>>>>>

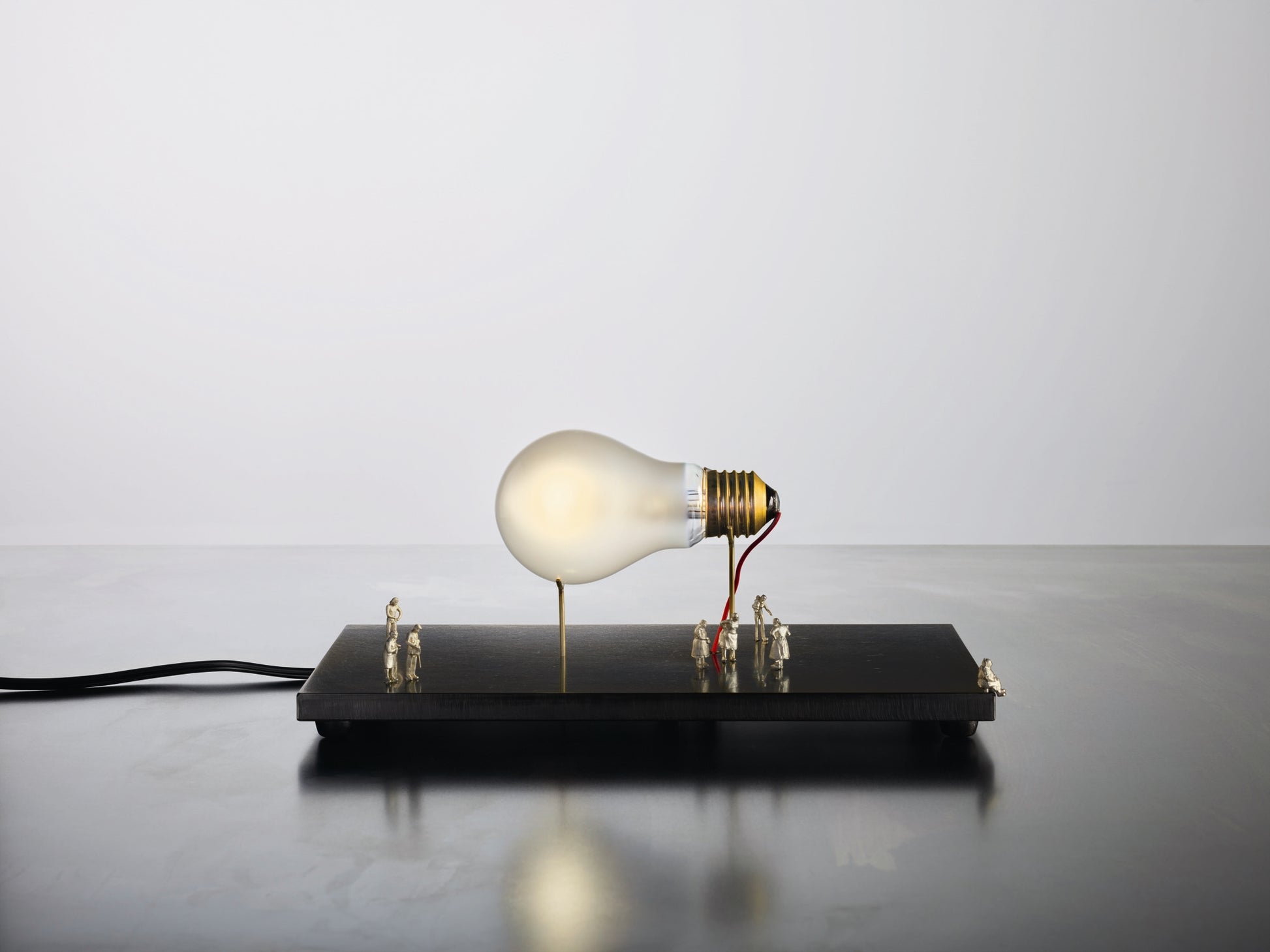 Une nouvelle déclinaison de l'ampoule, vue cette fois par Ingo Maurer comme un monument que l'on visite: un adieu à l'ampoule incandescente puis halogène?....
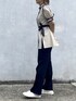 バイカラーのパイピングが可愛いブラウスとパンツです。 ブラウスはレイヤードになっている袖や裾スリットなどが特徴で、ウエストベルトでウエストが細く見えます。 パンツはストレートシルエットで裾にちょびっとスリットが入って可愛いです。
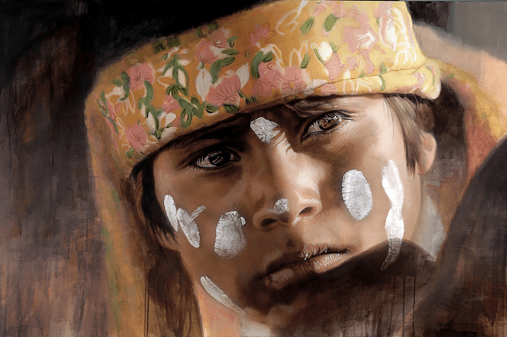 My intention is to show people and faces that have been very little visible or represented in figurative painting, or that have been shown from a documentary or decorative perspective. The representation of the face and body is never neutral since the conventions, convictions and dynamics of society are shown through the way we decide to represent ourselves. My intention is to show the indigenous roots from a humanistic, horizontal and even confrontational perspective. And through their faces and looks they express feelings and emotions known to everyone. In this way, the conditions of possibility exist to build a bridge full of empathy and vulnerability towards the viewer: –“I am like you, although physically we are very different.”
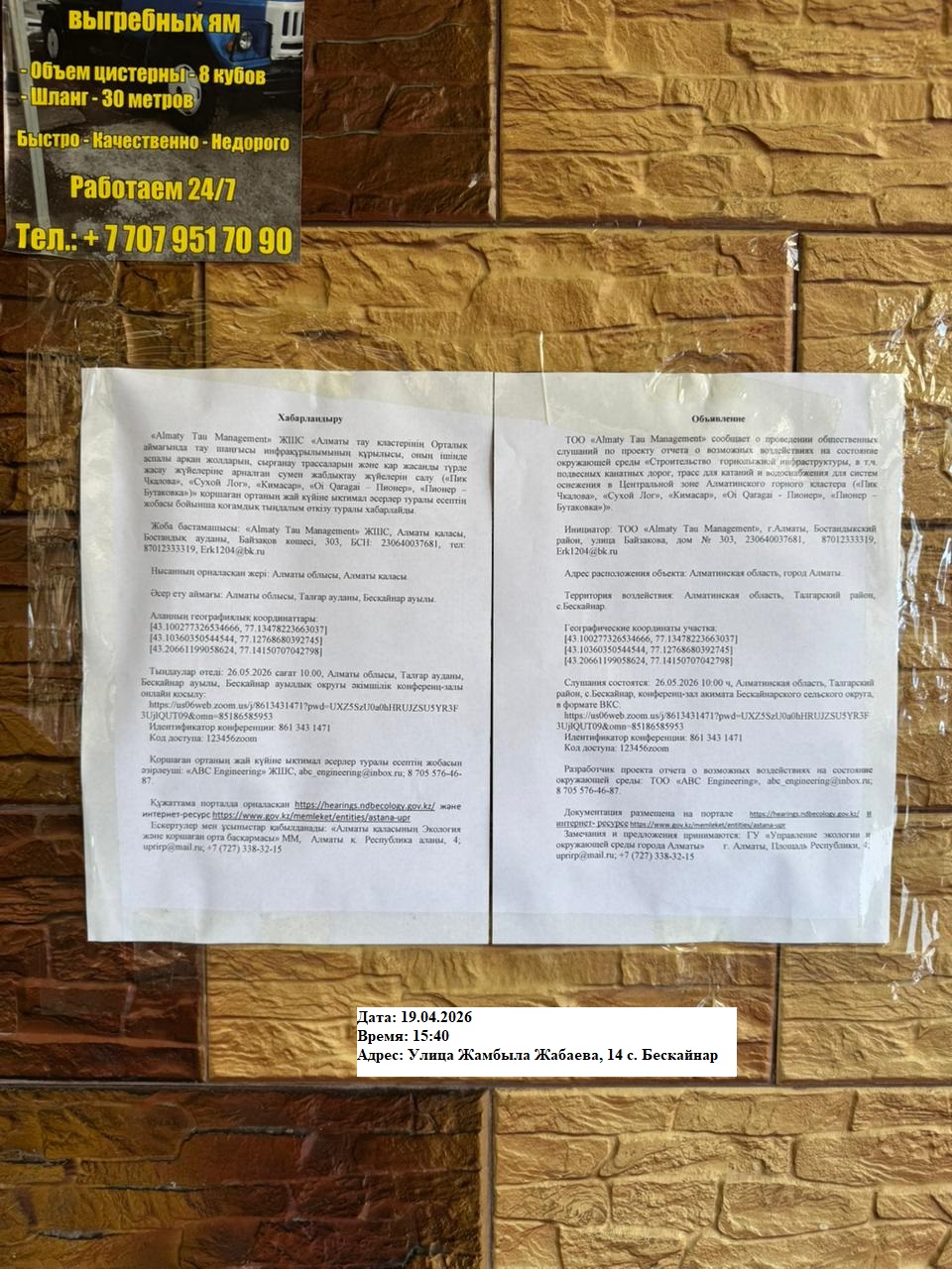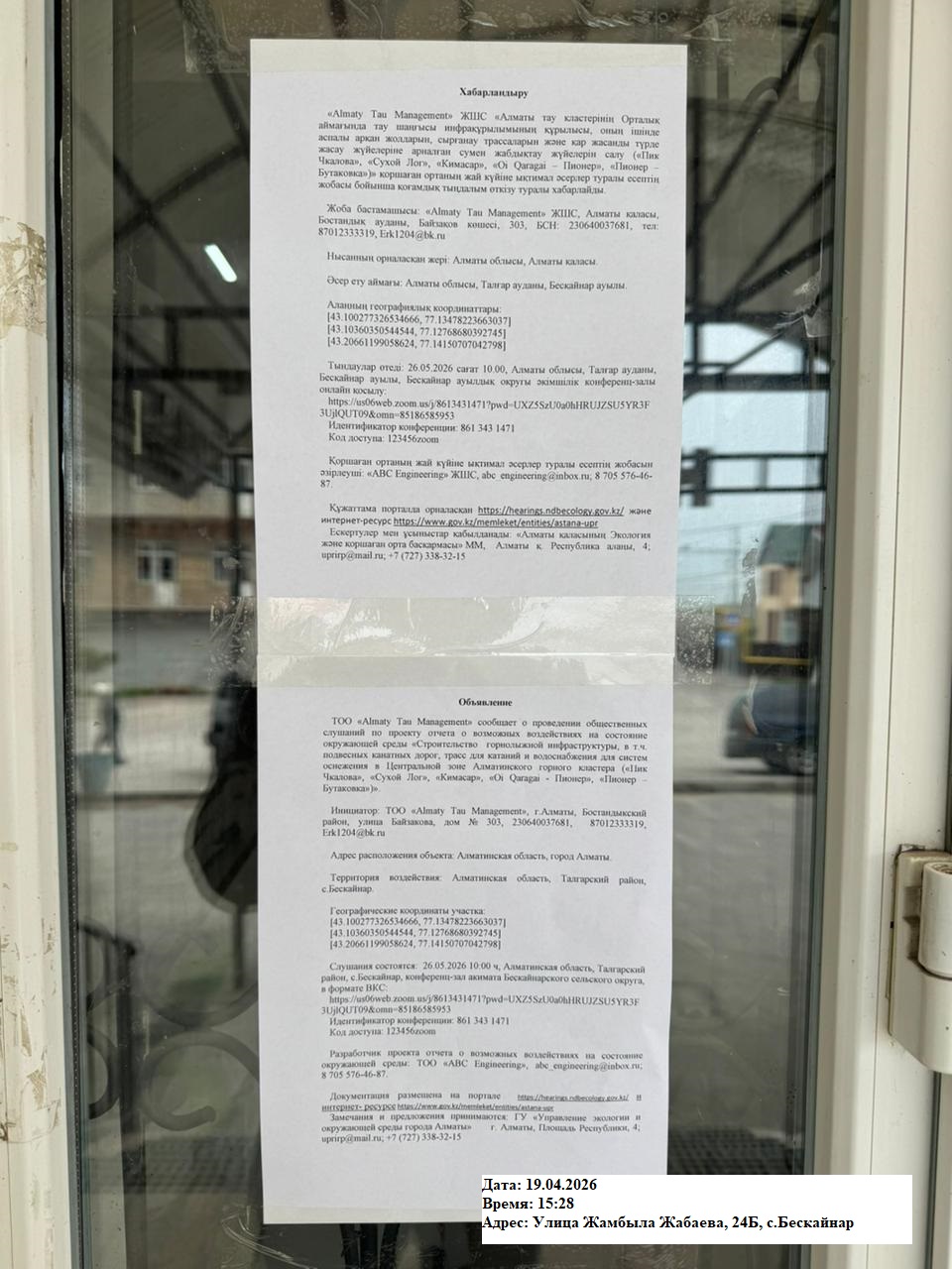 3. Общественные слушания организованны: Управление природных ресурсов и регулирования природопользования Алматинской области, 329267eco@mail.ru,

<<<<<

*Required action*
Reproduce, unchanged, each line between the one with "My intention is to show people" and the last line of the material, both included; the pictures do not go in.

*Task solution*
 My intention is to show people and faces that have been very little visible or represented in figurative painting, or that have been shown from a documentary or decorative perspective. The representation of the face and body is never neutral since the conventions, convictions and dynamics of society are shown through the way we decide to represent ourselves. My intention is to show the indigenous roots from a humanistic, horizontal and even confrontational perspective. And through their faces and looks they express feelings and emotions known to everyone. In this way, the conditions of possibility exist to build a bridge full of empathy and vulnerability towards the viewer: –“I am like you, although physically we are very different.”
 3. Общественные слушания организованны: Управление природных ресурсов и регулирования природопользования Алматинской области, 329267eco@mail.ru,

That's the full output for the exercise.